### [EXERCISE BRIEF]
Quote exactly, and only, the lines of the material below from the line with "11月1日(水)の献立は「か" through the line with "③ PDF문서임을 확인하고".

### [RECORDS SHOWN]
▼
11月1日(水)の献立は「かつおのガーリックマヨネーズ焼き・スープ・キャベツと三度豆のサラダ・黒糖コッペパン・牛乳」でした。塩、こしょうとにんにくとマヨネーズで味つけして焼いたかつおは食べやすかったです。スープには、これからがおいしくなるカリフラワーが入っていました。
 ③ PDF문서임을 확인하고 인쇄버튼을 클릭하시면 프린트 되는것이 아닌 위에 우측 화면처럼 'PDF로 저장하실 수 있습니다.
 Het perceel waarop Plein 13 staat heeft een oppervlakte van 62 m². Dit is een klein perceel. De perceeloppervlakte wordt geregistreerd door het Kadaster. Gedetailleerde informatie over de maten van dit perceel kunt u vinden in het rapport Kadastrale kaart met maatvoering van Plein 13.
▲
▼
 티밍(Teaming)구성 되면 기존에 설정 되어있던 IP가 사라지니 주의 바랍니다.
▲
▼
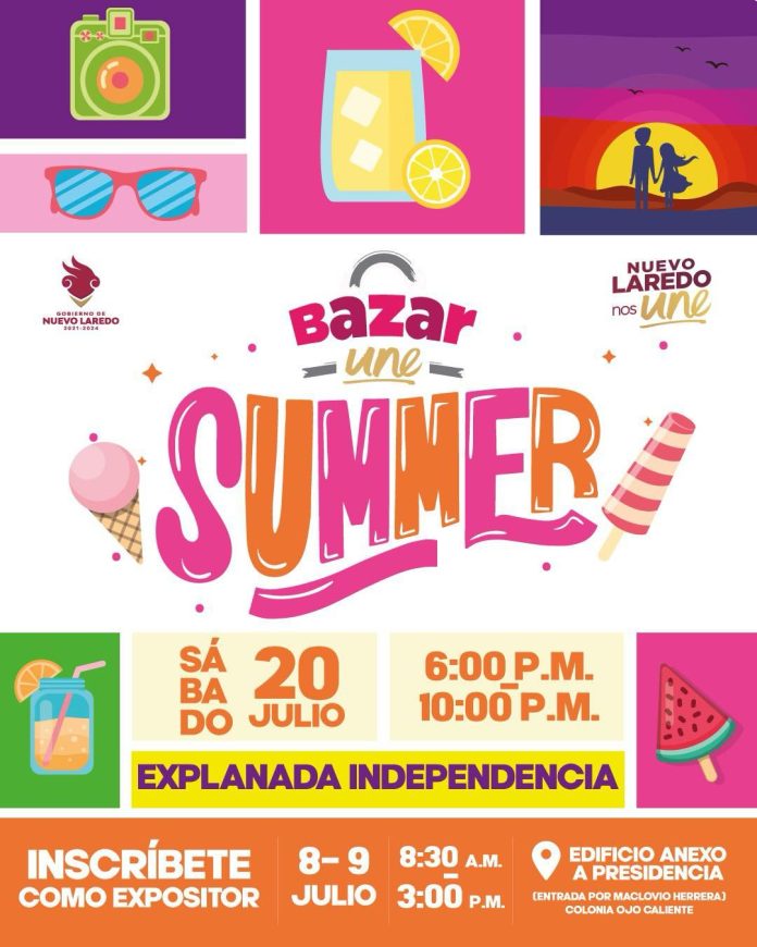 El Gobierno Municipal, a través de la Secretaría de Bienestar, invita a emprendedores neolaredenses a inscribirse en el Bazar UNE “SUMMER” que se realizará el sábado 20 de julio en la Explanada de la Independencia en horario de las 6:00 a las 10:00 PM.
▲
### [RESPONSE BOX]
11月1日(水)の献立は「かつおのガーリックマヨネーズ焼き・スープ・キャベツと三度豆のサラダ・黒糖コッペパン・牛乳」でした。塩、こしょうとにんにくとマヨネーズで味つけして焼いたかつおは食べやすかったです。スープには、これからがおいしくなるカリフラワーが入っていました。
 ③ PDF문서임을 확인하고 인쇄버튼을 클릭하시면 프린트 되는것이 아닌 위에 우측 화면처럼 'PDF로 저장하실 수 있습니다.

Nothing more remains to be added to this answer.